If it weren't for the tool who whipped the piece of pizza off the back of the bigger tool who ragged on the first tool for eating a pizza at a baseball game in Fenway Park this April, the douche who asked for an autograph from the fan who prevented the Angels catcher (Matthis) from catching Manny's foul popup in the 5th would have been the biggest tool in the history of Fenway Park. If Lowell's sac fly which tied the game had been a bit deeper, that skinny little wuss would have become a huge celebrity. As it is, he'll milk that novelty act 15 minutes of fame for all it's worth.

Speaking of tools, we have a small tool of note feature today, for the first time in a while. A long time friend of the blog forwarded this feature on the triumphs and trials of Donny Osmond from the Daily Mail in England. My heart bleeds for poor Donny Osmond, who had to bear the cross of being a teen idol. If his life was a bed of pain because people wouldn't accept him as a grown up and not the scrawny Mormon dork who ripped off Paul Anka's Puppy Love, then maybe there is justice in the world after all.

I particularly enjoyed this bit: "Say what you like, Donny is big on self-pity, which is why in the run-up to his latest tour he wants to talk about how hard it was being the Most Adorable Singing Child On Earth." Something tells me Donny Osmond for all his pain and anguish probably doesn't wake up each and every morning with a bad back, bad knees and callouses on his hands as though he worked for a living. People turned on a lot of 70s icons, so what? Just because he had more staying power than a-Ha doesn't mean he achieved anything tangible.

I also love the fact that Jesus is one of his heroes. I bet that really put a smile on Jesus' face and got Him packing His bags for the Second Coming. Or more likely, Jesus was probably trying hard to hide from Donny Osmond. If there is one consolation here, given his age, Donny will meet his hero face to face long before I do.

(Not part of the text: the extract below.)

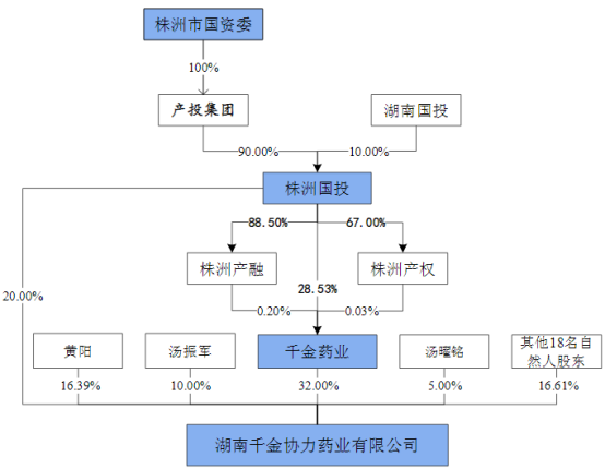 千金协力药业——上市公司直接持有千金协力药业32.00%的股权,为千金协力药业控股股东;实控人为株洲市国资委。

Curiously, the article brought up his 1988 hit, Soldier of Love, which I don't remember. I was young in 1988, but I remember a lot of things from that time frame. Am I the only one who doesn't remember the song, or was it a song that hit 99 on a countdown and they're trying to be as nice as possible to Donny? I guess if they didn't do all they could to massage his ego, Donny Osmond would have to retreat to his compound in Utah. What a shame that would be.

1 comment:

Alle said...

I think Guerrero was pulled because he got hit by the ball, although they were reporting it was his right shoulder that got hurt. Apparently he got hit in his left shoulder, but the pain traveled right.

GO RED SOX!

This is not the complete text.